Ruszamy dalej w kierunku terminalu promowego Tsawwassen, położonego kilka metrów od granicy z USA. Jadąc autostradą 99, przecinamy dwa ramiona rzeki Fraser. Potężny prąd wypłukuje co roku 112 kilometrów sześciennych wody do Pacyfiku, przenosząc do oceanu 20 milionów ton osadów. Rzeka, jak wiele innych zbiorników wodnych, jest zasilana przez śnieg z Gór Skalistych. Przy dobrej widoczności góry tworzą fascynującą panoramę metropolitalnego regionu Pacyfiku.
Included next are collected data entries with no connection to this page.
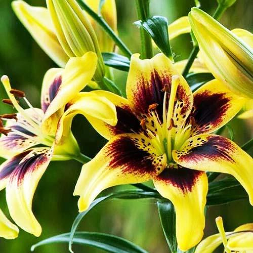 Лилия Пайтон относится к виду тигровых гибридов. Цветки крупные, диаметром 15-17 см. Лепестки чалмовидные, направлены с в стороны и вниз, окрашены в желтый цвет с винно-красными широкими пятнами от центра.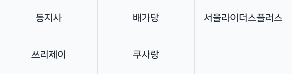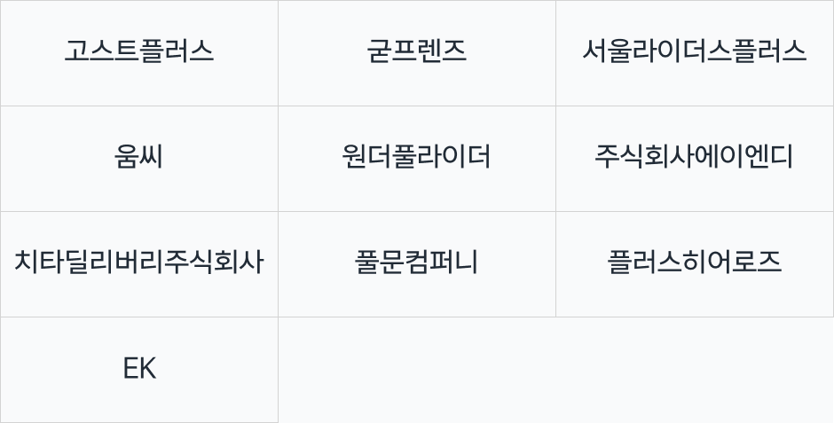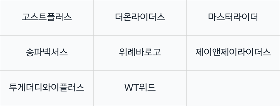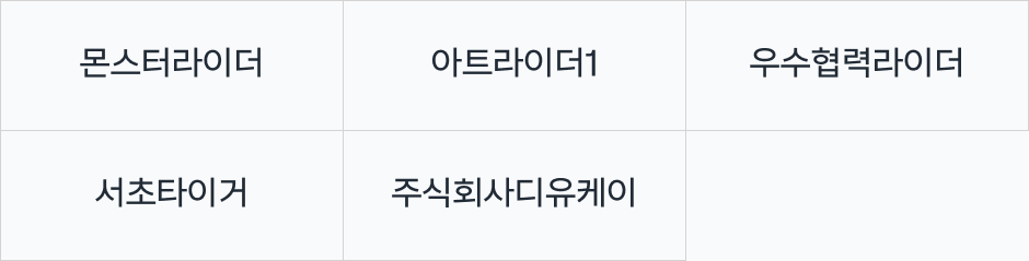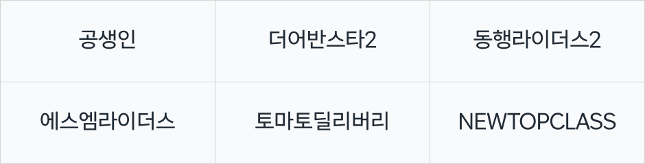 – 주요협력사는 위탁 업무 수행 결과에 따라 내부적인 기준으로 선정하며, 캠페인 운영, 혜택 등은 운영상황에 따라 변경될 수 있습니다.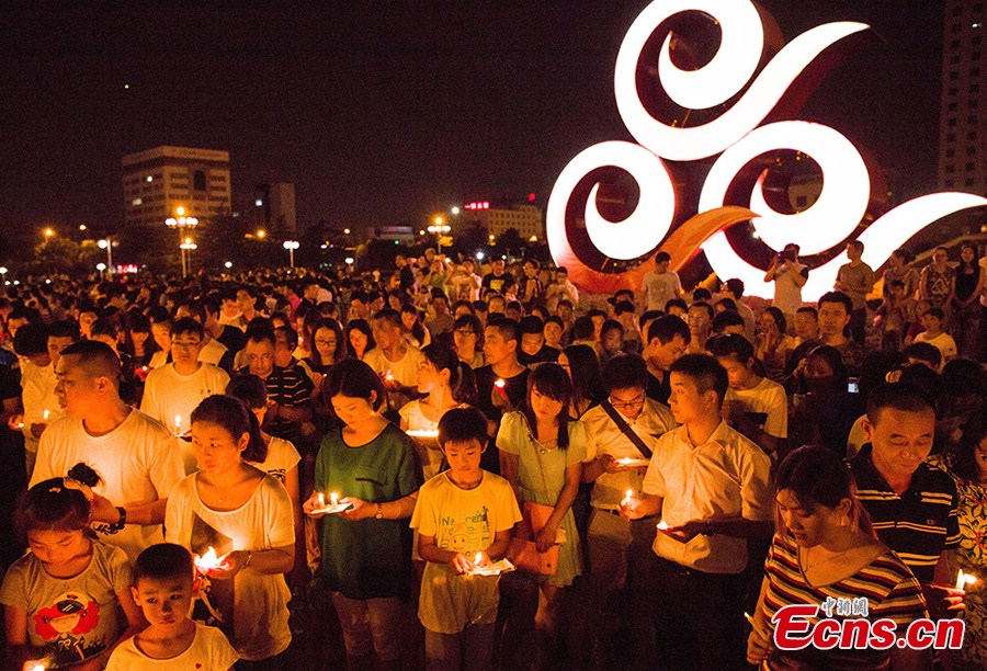 | People hold candles during a candlelight vigil to mourn the victims of Saturday's factory blast in Kunshan, east China's Jiangsu Province, August 2, 2014. The blast ripped through a wheel hub-polishing workshop owned by the Taiwanese-invested Kunshan Zhongrong Metal Products Co., Ltd in the city at 7:37 am on Saturday, killing at least 69 people and injuring more than 180 others. (Photo: China News Service/Li Ji) |

Jedziemy drogą nad morzem. Terminal promowy i dzielnica miasta zostały nazwane na cześć Pierwszego Narodu Tsawwassen, który w wolnym tłumaczeniu oznacza „naród z widokiem na morze”. Tutaj jest ojczyzna plemienia Tsawwassen. Jest ono częścią Saliszów Nadmorskich, indiańskiej grupy etnicznej na wybrzeżu Pacyfiku w Ameryce Północnej, której historia sięga kilku tysiącleci wstecz. Trasa promu wije się wśród niedużych wysp od wybrzeża do terminalu Swartz Bay, skąd po dobrych 30 minutach docieramy do przystani Oak Bay Marina w Victorii. Na parkingu czeka na nas mała delegacja tutejszego Porsche Club, na czele którego stoi prezeska Garth Webber Atkins. Już od 1996 roku fani Porsche z wyspy Vancouver tworzą własną, oddzieloną od lądu sekcję liczącą ponad 600 członków. Dzisiaj towarzyszy im przekrój klubowej floty: od 968 Clubsport przez 928 aż do klasycznej 911.
„Co za radość i zaszczyt powitać gości ze Stuttgartu”, woła do nas Webber Atkins. Po serdecznym przyjęciu przychodzi czas na zwiedzanie stolicy prowincji: Victorii.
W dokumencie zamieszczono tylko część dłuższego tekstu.